Tirou a blusa do trabalho, pendurando e logo em seguida tirando a calça também, a deixando no assoalho de madeira e em seguida pulando no rio. A água estava fria, afinal, eram umas seis horas da tarde e isso a fazia sentir como se tivessem jogado ela na frente da geladeira depois de sair para comprar algo ao meio-dia. Era bom, até, esperava. Depois de dar algumas voltas e mergulhos ー sem a necessidade de abrir os olhos debaixo d'água, já que sendo o rio verde escuro, não conseguia ver nada mesmo àquela hora, apenas o reflexo da mata ao seu redor ー resolveu sair, já devia ser mais de sete e ela teria um turno às oito.

Assim que subiu, torceu os cabelos para que eles não molhassem o piso inteiro. A tinta amarela começava a sair demais, manchando as coisas, um intermédio entre o retoque e a necessidade dele. Repentinamente, ouviu a água respingar forte e com um baque surdo, virou-se, com o coração na boca, lembrando das velhas histórias sobre não poder ir ao rio depois das seis. Mas era apenas uma folha de açaizeiro que caíra na água, nada demais.

Mesmo assim, subiu os degraus com mais pressa que seu orgulho permitiria contar a alguém. Penteou os cabelos e todas aquelas parafernálias que se deve fazer antes de sair, ser cheirosa era uma das coisas pela qual prezava bastante. Pegou o casaco — estava afim de dormir no ônibus — e saiu porta afora, e logo depois voltando raivosa por esquecer de bater o cadeado.

As ruas começaram a encher de crianças e adolescentes, saindo ou indo para as escolas. Gostava de observar e catalogar para qual escola ia qual, já sabia até os nomes. Guillhobel, Avertano, aquela era uma aluna do Paes de Carvalho? Quase sentiu pena da moça, era uma viagem e tanto; Alguns perdidos sem uniforme, UEPA ou UFPA, tanto faz. Universitários exalavam sempre o mesmo ar de "Senhor amado, preciso resolver essa apostila..."

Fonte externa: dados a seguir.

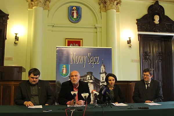 Podczas dzisiejszej konferencji prasowej dotyczącej cyklu wydarzeń, które odbywają się na terenie Nowego Sącza pod hasłem "Włącz myślenie. Postaw na przedsiębiorczość", wiceprezydent Jerzy Gwiżdż, dyrektor Wydziału Przedsiębiorczości Urzędu Miasta Nowego Sącza Magdalena Januszek-Gródek, Dziekan Wydziału Nauk Społecznych i Informatyki w WSB-NLU dr Dariusz Woźniak oraz radny Patryk Wicher, przedstawiciel Stowarzyszenia na Rzecz Integracji Środowisk Akademickich "ORION" w Nowym Sączu, przedstawili informacje dotyczące planowanych wydarzeń, a w szczególności konkursu, w ramach którego uczniowie będą przygotowywać kampanię promocyjną swojej szkoły.
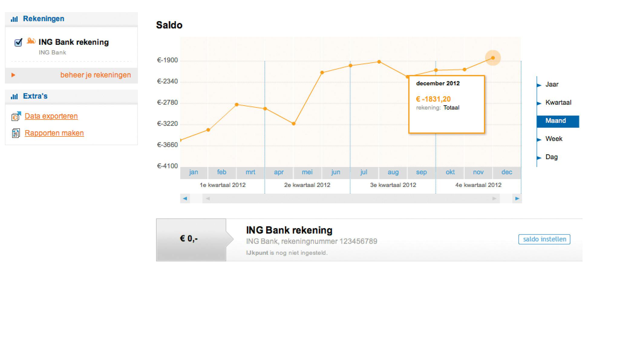 In het menu Overzicht vindt u de functie om het saldo op te vragen. Ook hier krijgt u in een overzichtelijke grafiek de evolutie van uw saldo. Wanneer u met de muisaanwijzer over de punten van de grafiek gaat, verschijnt er een kadertje met daarin het saldo aan het begin van de betreffende periode. Aan de onderkant van de grafiek staan de rekeningen per regel die aan de linkerkant zijn geselecteerd. Als u de eerste keer op de saldopagina komt, moet u het saldo instellen. Dat betekent dat u het saldo moet invullen op de dag van de laatste transactie.
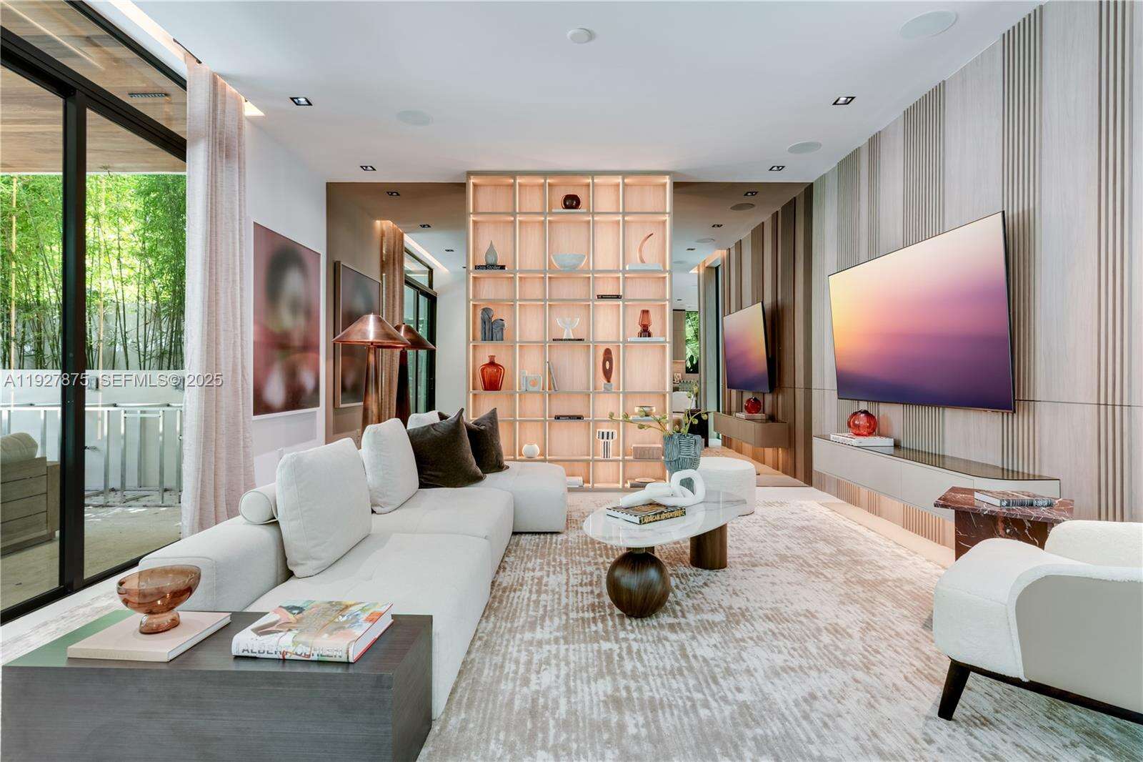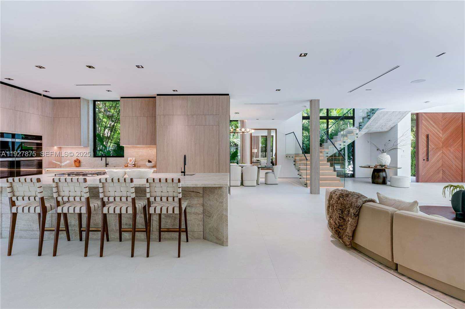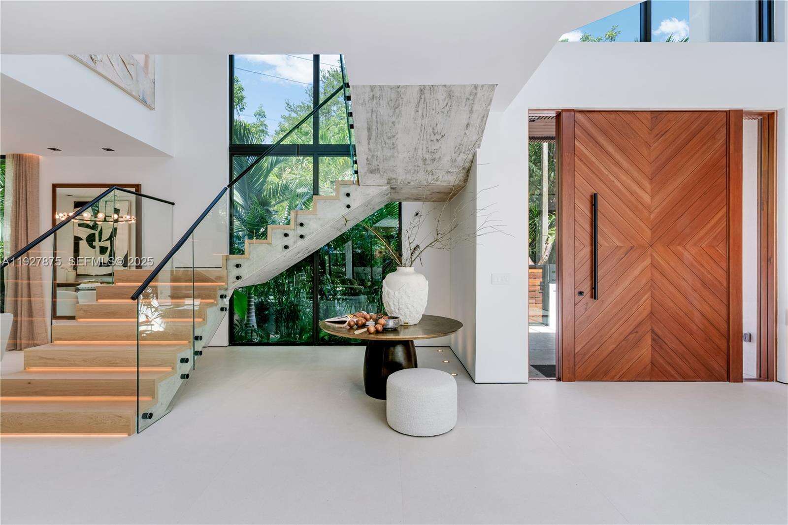 Welcome to CASA GRANDE, a dramatic 7BD/7BA modern residence positioned on a premium corner lot in the heart of Coconut Grove. Designed by Bernardo Paredes and developed by the Modd Group, this architectural showpiece blends bold contemporary design with exceptional comfort and functionality. A grand double-height foyer with a striking sculptural floating staircase sets the tone for the sophisticated interiors. The main level features an expansive living room, formal dining area, and a state-of-the-art chef’s kitchen with premium appliances and a spacious walk-in pantry. A warm, inviting family room with custom millwork anchors the living spaces, complemented by a dedicated home office, full-size laundry room, 2-car garage, and a serene yoga suite/cabana with its own full bath—ideal for wellness, guests, or flexible use. Upstairs, the home offers five generous ensuite bedrooms, including a luxurious primary suite, along with a versatile second-floor family lounge perfect for movie nights or relaxing retreats. Designed for seamless indoor–outdoor living, CASA GRANDE opens to a covered terrace with a full summer kitchen, resort-style pool, spa, and lush tropical landscaping that creates a private, tranquil oasis. This residence embodies Coconut Grove luxury at its finest—architectural elegance, thoughtful design, and resort-inspired living all in one extraordinary home. Home is also available turn key furnished, move in ready.
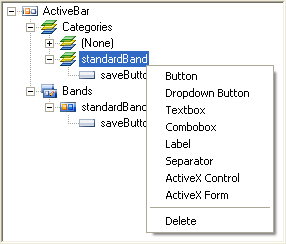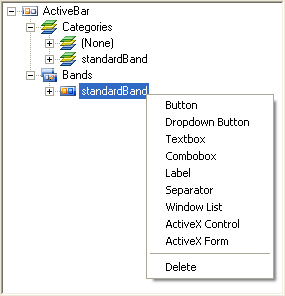 ActiveX Control: Adds an ActiveX control to the selected category or band.
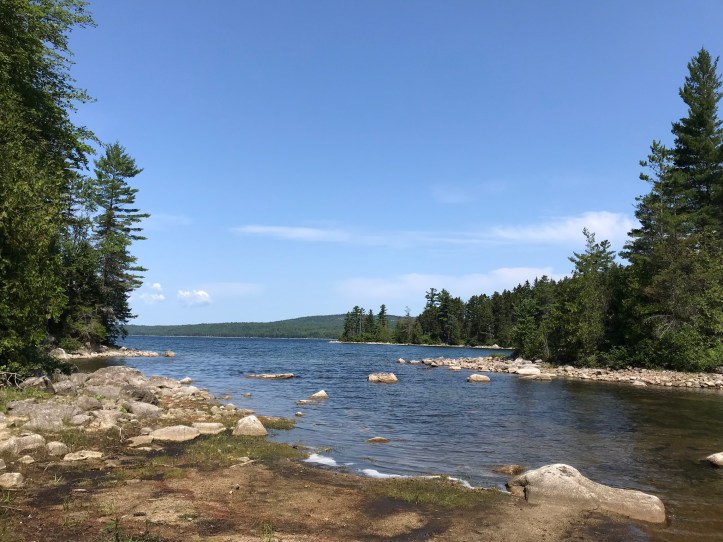 I even walked around the far right edge to see if I could catch a better view of the opposite corner. I heard a squeak as a frog flew through the air, legs akimbo, and fell back into the water. I hoped that I hadn’t accidentally stepped on it. I reluctantly went back to the tent where Oakland lay massaging her feet without having to be badgered by me. Mary Jane stood brushing her teeth in her long johns. I got in the tent and changed clothes, which Oakland had wisely already done. As we shifted around, she accidentally kicked me in my bad ankle. There was a sharp pain from the impact followed by a dull ache, and I had trouble letting my leg rest against the sleeping pad. I felt so tired of being constantly vigilant about my damn ankle. Oakland’s sleeping pad was balanced between roots because she was too stubborn to let me take that side of the tent. We heard loons making their evening salute as I wrote notes in the waning light. It turns out Mary Jane is a snorer. Thankfully she’s far enough up the hill for it to be a low rumble. I’m finishing this to the sound of water rushing over rocks, Mary Jane snoring, Oakland sleeping next to me, crickets, and a plane somewhere in the distance. It’s our last night in the 100 mile wilderness!
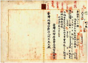 一九 台湾総督府専売局長宮尾舜治ヨリ新竹庁竹北一堡楊リョ庄土名南油車港ノ塩田業主ヲ同庁同堡虎仔山庄在住ノ楊歩ヨリ楊家走ニ訂正方報告ノ件
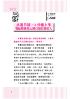 ◆本書內容豐富,每課內容包括「簡單會話句型」、「活用句」及「單字小百科」等3部份。
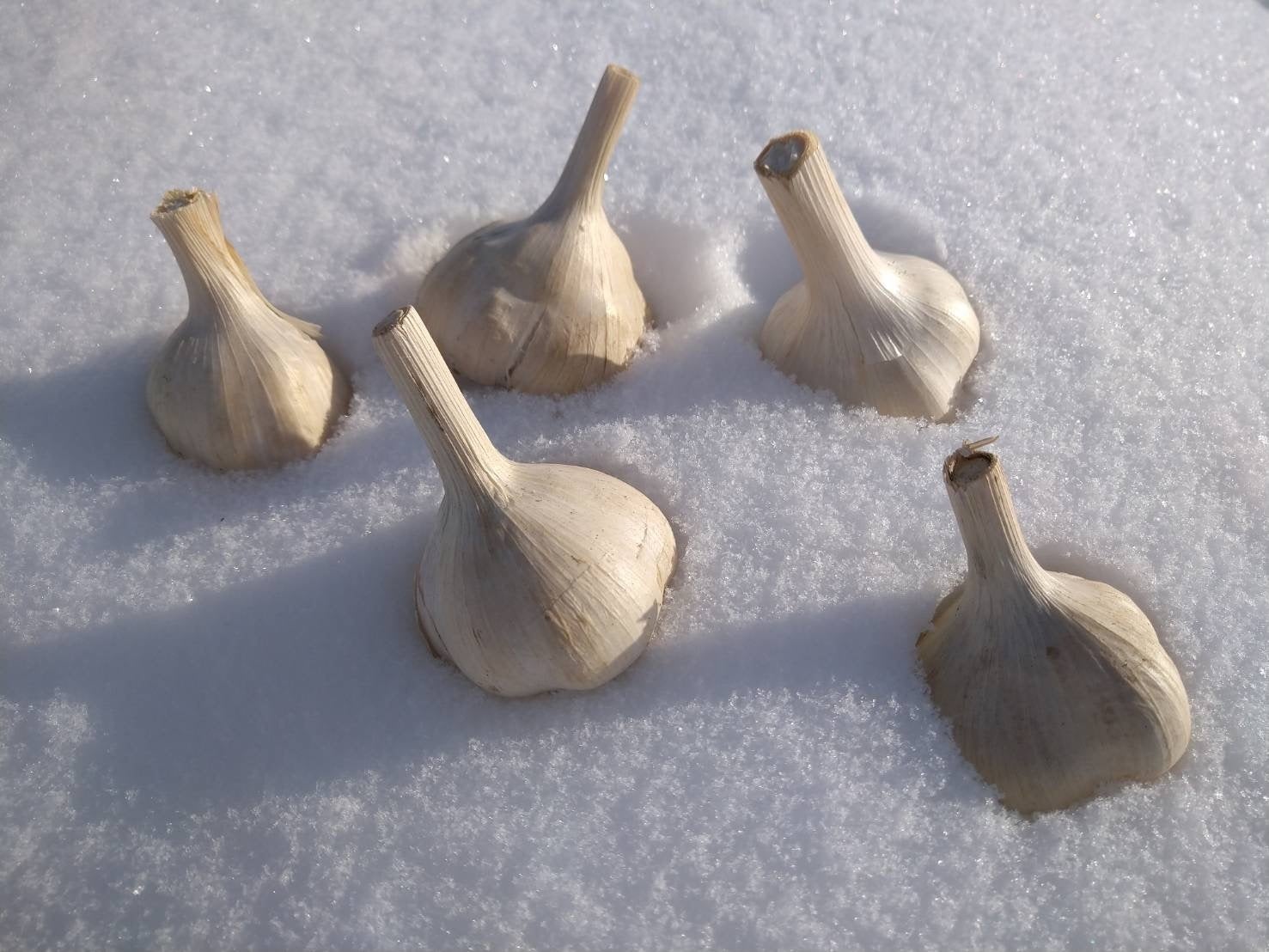 ダイヤモンドにんにくは秋に植え付けをし、新芽が出たころに冬が到来します。あっというまに畑は雪に覆われ、気温は氷点下へと。新芽のうちにこの過酷な寒さと雪のなか約半年間じーーーっとうまみと甘みを蓄えて育ちます。
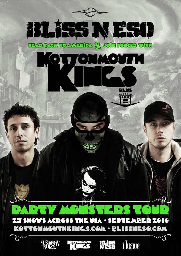 By popular demand Bliss n Eso return to America with their explosive live show and join forces with the Kottonmouth Kings for the Party Monsters Tour! The US tour kicks off in Dallas on August 28th and whirlwinds through 25 cities in less than a month before finishing in Kansas City on September 25th.
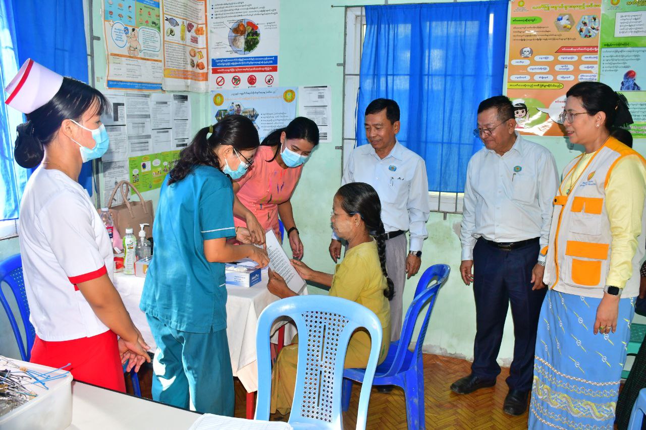 ဦးစွာ နေပြည်တော်ကောင်စီဥက္ကဋ္ဌနှင့်အဖွဲ့သည် ဆေးကုသမှုခံယူရန် ရောက်ရှိနေကြသည့် ဒေသခံပြည်သူများကို ရင်းရင်းနှီးနှီး နှုတ်ဆက်ကာ အထူးကုဆရာဝန်ကြီးများ၊ သူနာပြုများနှင့် ကျန်းမာရေးဝန်ထမ်းများမှ ပြည်သူများအား ကျန်းမာရေးစောင့်ရှောက်မှုပေးနေမှုအခြေအနေများကို လှည့်လည်ကြည့်ရှုအားပေးပြီး ဆေးကုသမှုလာရောက်ခံယူကြသည့် မိဘပြည်သူများအား စားသောက်ဖွယ်ရာများနှင့် နေအိမ်များတွင် ကိုးကွယ်ပူဇော်နိုင်ရန်အတွက် ဘုရားဆင်းတုတော်များကို တစ်ဦးချင်း လက်ဝယ်အရောက် ပေးအပ်လှူဒါန်းခဲ့ကြောင်း သိရသည်။
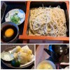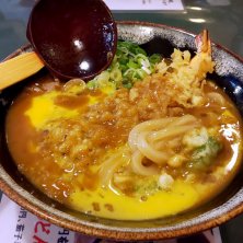 上カレーうどん小盛(えび天ぷらと、他野菜天ぷら)、トッピングにたまご🍤 カレーうどんが無性に食べたくなって。 はねないよぉに、専用の紙エプロンして頂きました🤭 辛口やけど、たまごトッピングしたんで、まろやかになりました🎵

Enquanto seu ônibus não vinha — e ô onibuzinho pra demorar, aquele — ia observando um por um. Era engraçado ver o exagero de cada um, ver como pequenas coisas e pequenos dramas enchiam as vidas rápidas deles. Quantas saudades tinha daquelas preocupações que pareciam o fim do mundo quando, comparado ao que ela vivia agora, eram mais como pedras caindo em um lago, não faziam tanta diferença quando se juntavam a tantas outras no leito que era seus problemas. Mas ainda assim, achava uma fase tão bela. Quem dera poder voltar e só se preocupar com a sua nota em matemática e dar uma desculpa pra não fazer educação física.

As luzes dos postes começaram a acender, amareladas e difusas em suas lentes grossas de camelô. Anotação mental pra ir num oftalmologista de verdade. Quando viu, lá longe, um letreiro que dizia "São Brás". Ah, já não era sem tempo! Fez o sinal com a mão, sinalizando para o seu amor parar. Entrou nele, com pressa, notando ser o das 18:45. É, estava atrasada.

— Boa noite! — disse enérgica e saudosa, por ver a cadeira individual vazia.
— Boa noite, loirinha! — disse o motorista, já partindo da parada.
— Égua do apelido, hein? — disse, mortificada pelo apelido mas no fundo rindo dele.
— A loirinha do pop! — completou o cobrador.
— Agora me deu medo. — disse, passando da roleta e acenando pra ele, já sentando em sua amada cadeira. Há poucos prazeres na vida maiores do que a cadeira individual do ônibus e conhecer quem tá operando ele.